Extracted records

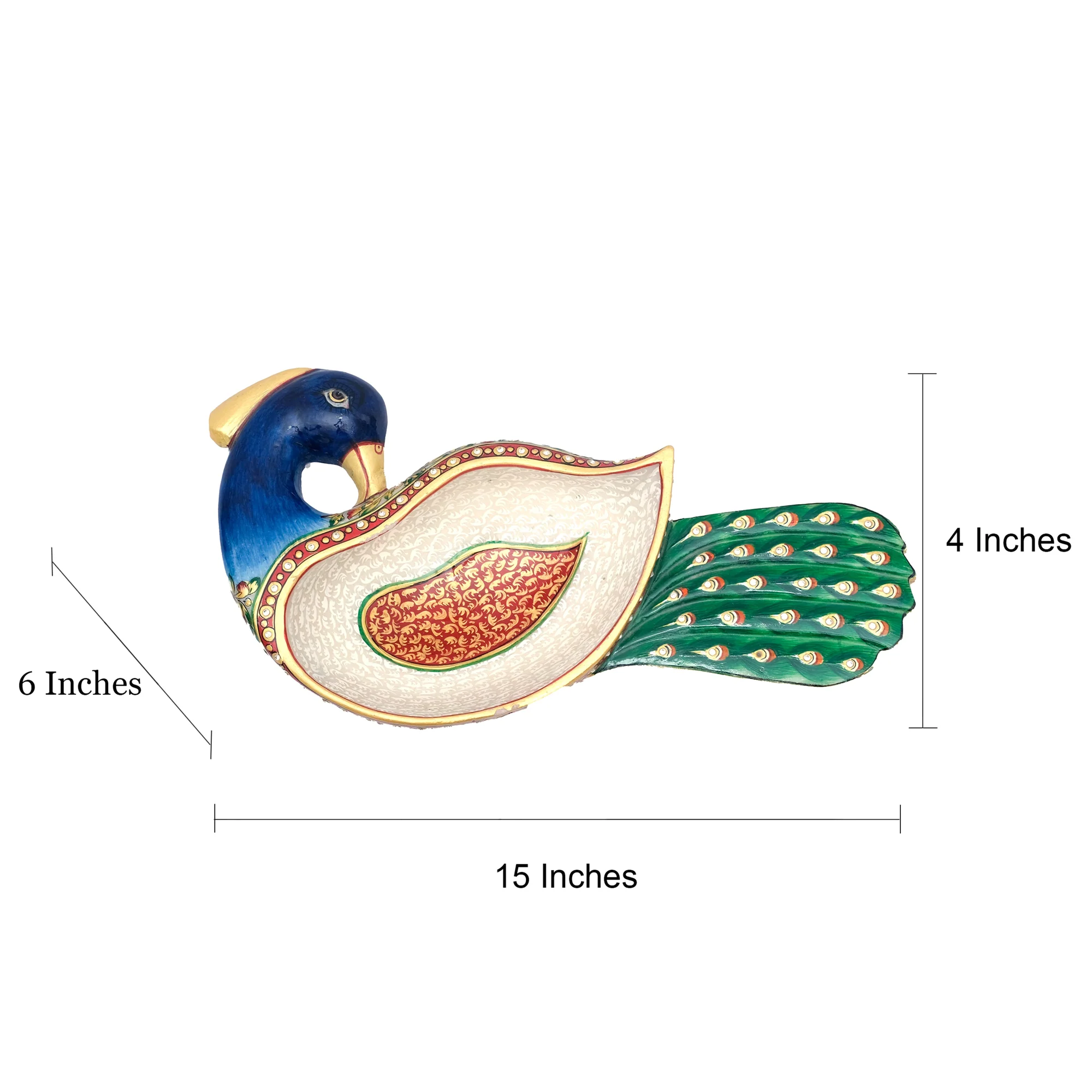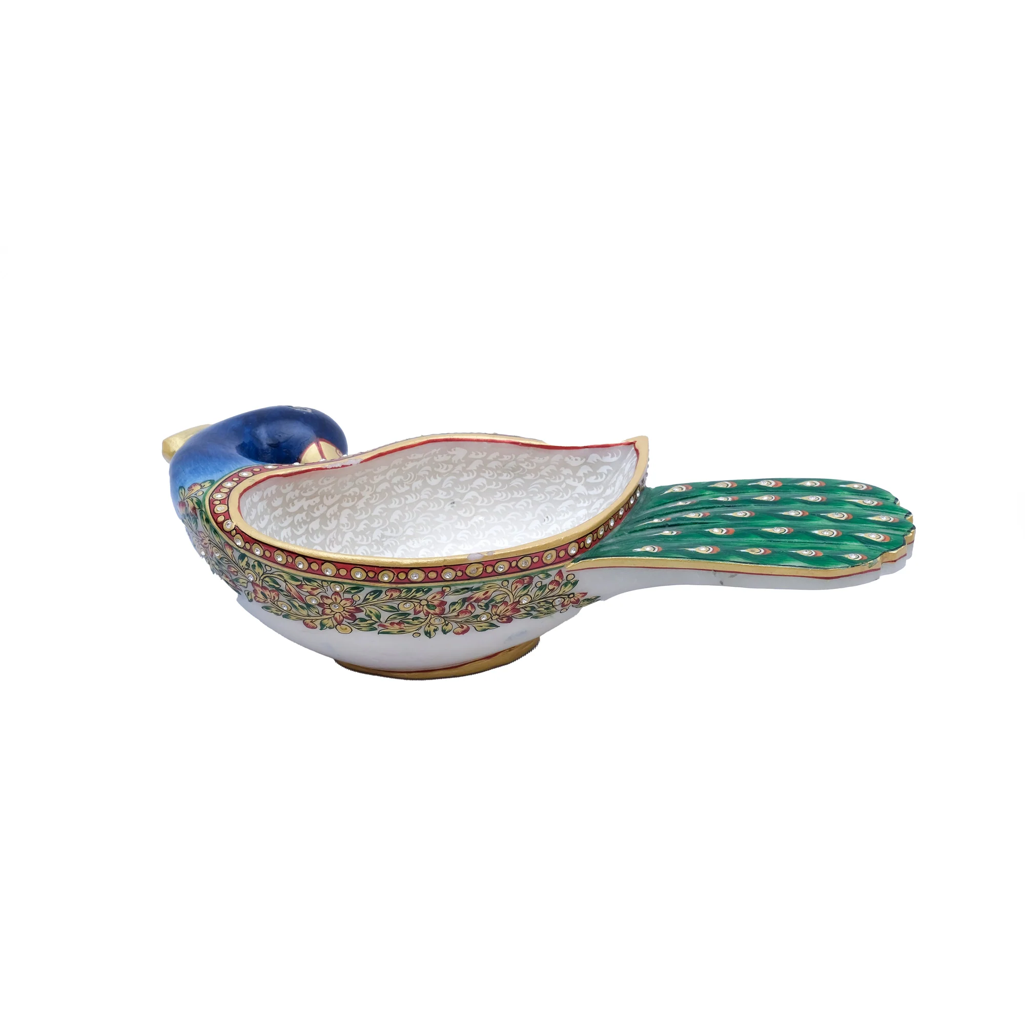 Expertly carved from pure white marble, this peacock-shaped bowl captures the graceful beauty of the bird itself. Handpainted in authentic peacock hues and embellished with sparkling Kundan stones, it radiates a majestic and royal charm, making it a striking addition to your home décor.
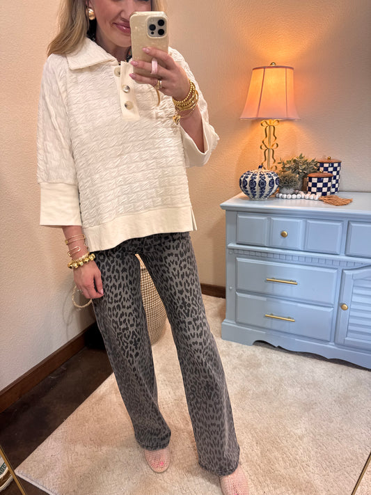 Ivory Quilted 3/4 Sleeve Top with Button Detail
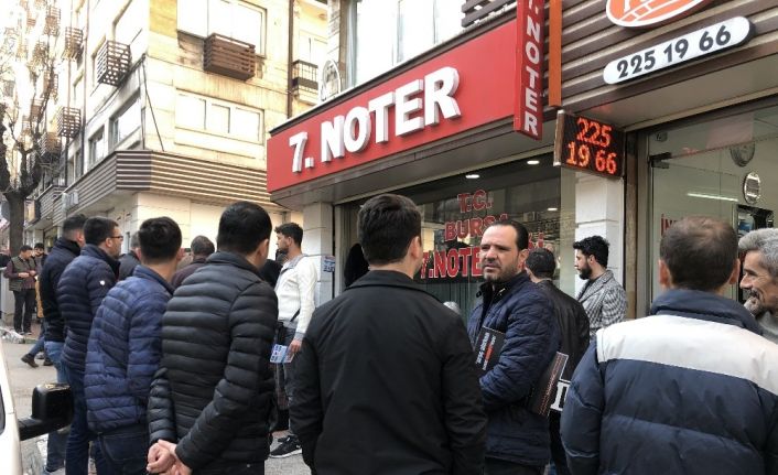 Bursa’da vatandaşlar hafta sonu işlem yaptırmak için nöbetçi noterlere akın etti. Sabahın erken saatlerinden itibaren yüzlerce insanın sıraya girdiği nöbetçi noterlerde uzun kuyruklar oluştu. Hafta içi mesai yaptıkları için notere gidemeyen vatandaşlar, özellikle ikinci el araç alım satımı yapmak için nöbetçi noterlere akın etti. Nöbetçi noter uygulamasının çok yerinde bir karar olduğunu söyleyen vatandaşlar, noter sayısının artırılmasını istedi.
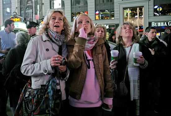 Cientos de personas observan la información en las pantallas electrónicas de Times Square mientras celebran la muerte de Osama Bin Laden en Nueva York
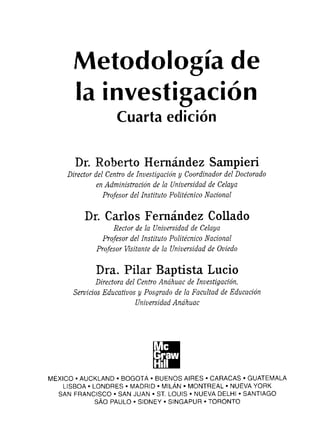 Este documento presenta una introducción a los enfoques cuantitativo y cualitativo en la investigación científica. Explica las similitudes y diferencias entre ambos enfoques, así como sus características y procesos. Además, introduce los conceptos básicos sobre el planteamiento del problema, el marco teórico, la definición del alcance y las hipótesis en una investigación cuantitativa. El documento provee una guía general sobre cómo desarrollar una investigación científica desde sus primeras etapas.
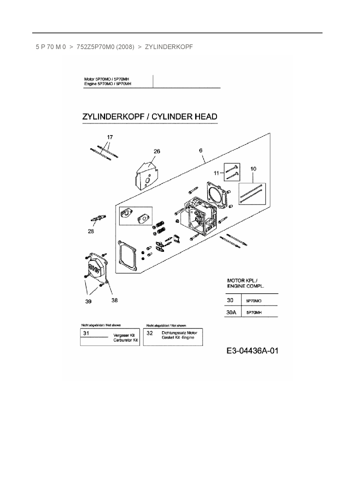 Ersatzteile für Vertikal MTD-Motoren 5 P 70 M 0 aus der Zeichnung Zylinderkopf:

■ **Problem to work on**:
Restate each record from above word for word, excluding any picture it holds.

■ **Solution below**:
 Expertly carved from pure white marble, this peacock-shaped bowl captures the graceful beauty of the bird itself. Handpainted in authentic peacock hues and embellished with sparkling Kundan stones, it radiates a majestic and royal charm, making it a striking addition to your home décor.
 Ivory Quilted 3/4 Sleeve Top with Button Detail
 Bursa’da vatandaşlar hafta sonu işlem yaptırmak için nöbetçi noterlere akın etti. Sabahın erken saatlerinden itibaren yüzlerce insanın sıraya girdiği nöbetçi noterlerde uzun kuyruklar oluştu. Hafta içi mesai yaptıkları için notere gidemeyen vatandaşlar, özellikle ikinci el araç alım satımı yapmak için nöbetçi noterlere akın etti. Nöbetçi noter uygulamasının çok yerinde bir karar olduğunu söyleyen vatandaşlar, noter sayısının artırılmasını istedi.
 Cientos de personas observan la información en las pantallas electrónicas de Times Square mientras celebran la muerte de Osama Bin Laden en Nueva York
 Este documento presenta una introducción a los enfoques cuantitativo y cualitativo en la investigación científica. Explica las similitudes y diferencias entre ambos enfoques, así como sus características y procesos. Además, introduce los conceptos básicos sobre el planteamiento del problema, el marco teórico, la definición del alcance y las hipótesis en una investigación cuantitativa. El documento provee una guía general sobre cómo desarrollar una investigación científica desde sus primeras etapas.
 Ersatzteile für Vertikal MTD-Motoren 5 P 70 M 0 aus der Zeichnung Zylinderkopf:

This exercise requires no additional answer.